Table 3 Kishino-Hasegawa test for the analyzed cases of apparent xenologous gene displacement in situ

The ruvBgene of Mycoplasma

The genes for Holliday junction resolvase subunits RuvA and RuvB form an operon that is conserved in most of the sequenced bacterial genomes (Figure 2a). In the phylogenetic trees for RuvA and RuvB, the branch that includes Ureaplasma and Mycoplasma occupies drastically different positions. In contrast to RuvA, which belongs to the Gram-positive clade as expected (Figure 2b), mycoplasmal RuvB clusters with the epsilon-proteobacteria (Helicobacter and Campylobacter) and the mycoplasma-epsilon-proteobacteria clade further joins alpha-proteobacteria (Figure 2c). This clustering is strongly supported by bootstrap analysis and was shown to be robust using statistical tests of tree topology (Table 3). Thus, the ruvB gene seems to have undergone xenologous displacement in situ after the divergence of the mycoplasmal branch from the rest of Gram-positive bacteria. Notably, the gene exchange seems to have occurred between phylogenetically distant parasitic bacteria.

Figure 2
figure 2

In situ displacement of the ruvB gene in Mycoplasma. (a) Organization of the Holliday junction resolvasome operon and surrounding genes in bacteria.
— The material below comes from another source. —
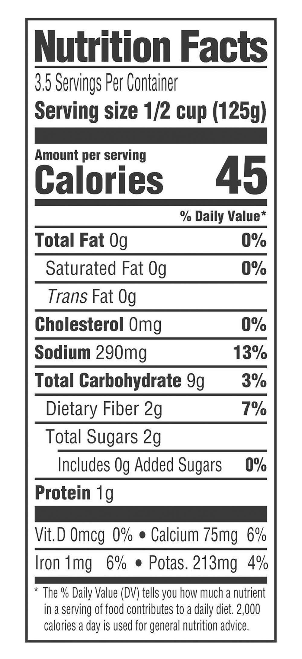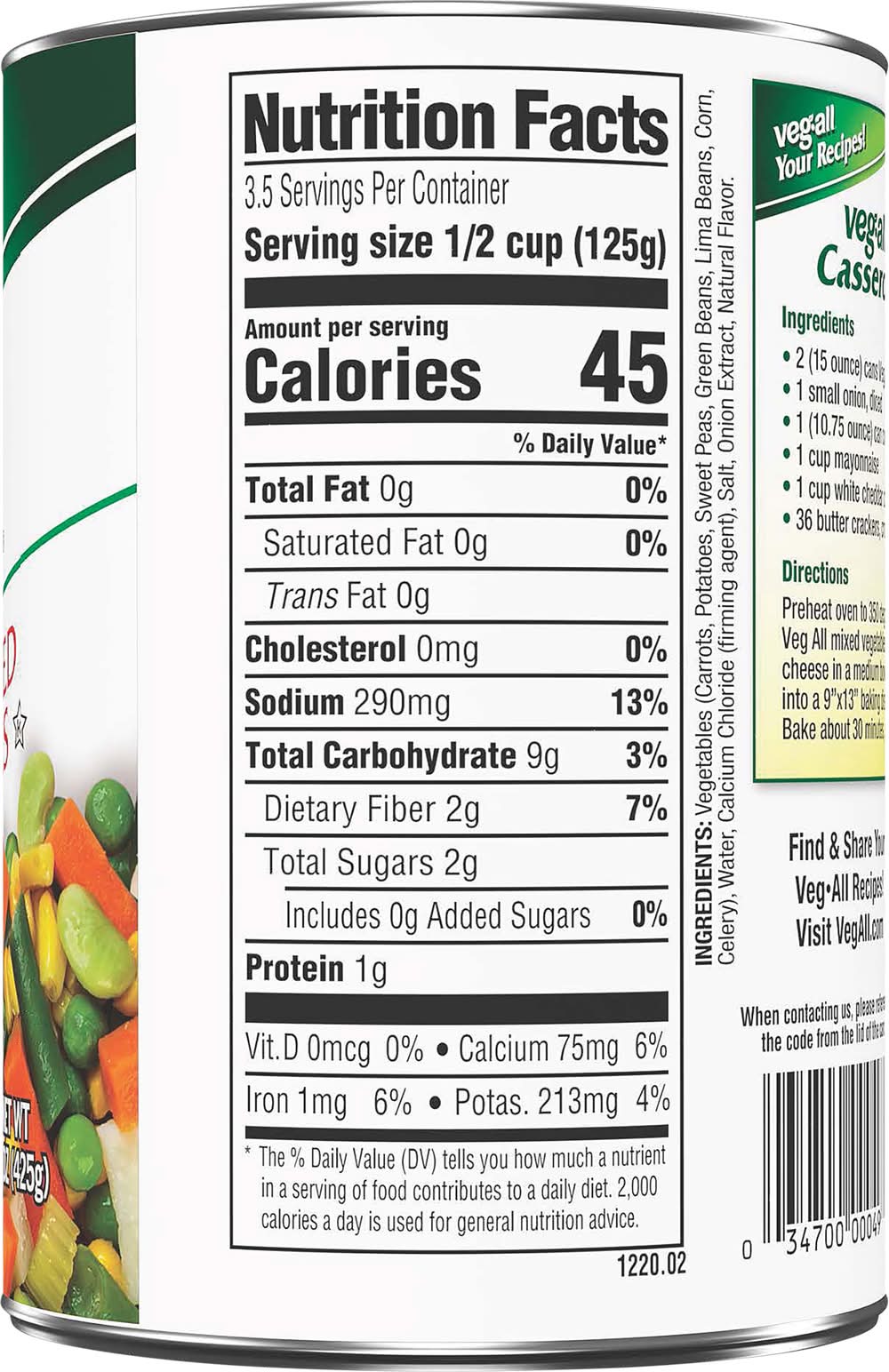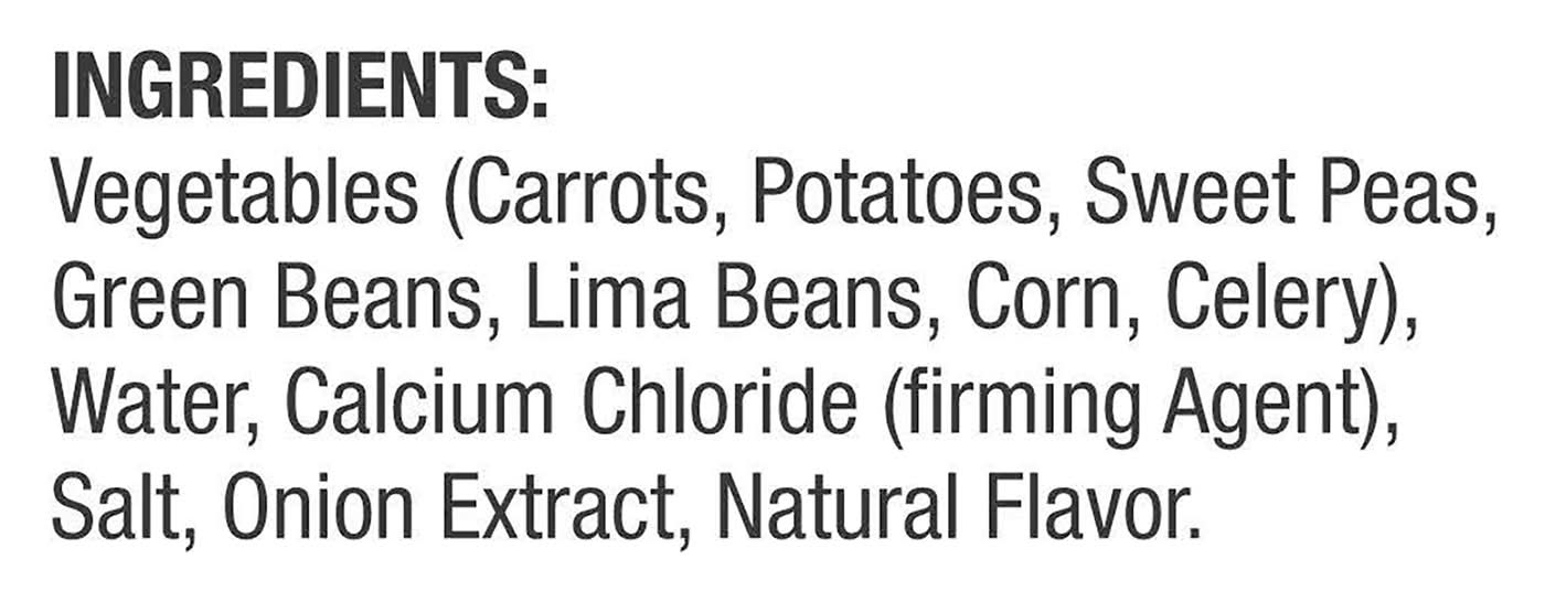 Ingredients: Vegetables (Carrots, Potatoes, Sweet Peas, Green Beans, Lima Beans, Corn, Celery), Water, Calcium Chloride (Firming Agent), Salt, Onion Extract, Natural Flavor Contains: Corn, Celery

COG0632 - Holliday junction resolvasome, DNA-binding subunit, COG2255 - Holliday junction resolvasome, DNA-binding subunit, COG0817 - Holliday junction resolvasome, endonuclease subunit, COG0392 - Predicted integral membrane protein, COG0282 - acetate kinase, COG0839 - NADH:ubiquinone oxidoreductase subunit 6 (chain J), COG0244 - ribosomal protein L10, COG0732 - restriction endonuclease S subunits, COG0809 - S-adenosylmethionine:tRNA-ribosyltransferase-isomerase, COG0772 - bacterial cell division membrane protein, COG0624 - acetylornithine deacetylase/succinyl-diaminopimelate desuccinylase and related deacylases, COG1487 - predicted nucleic acid-binding protein, COG1132 - ABC-type multidrug transport system, ATPase and permease components, COG0442 - prolyl-tRNA synthetase, COG0323 - DNA mismatch repair enzyme, COG1408 - predicted phosphohydrolases. The designations are as in Figure 1a. For species abbreviations, see Materials and methods. (b,c) Unrooted maximum-likelihood tree for RuvA (b) and RuvB (c); the designations are as in Figure 1b.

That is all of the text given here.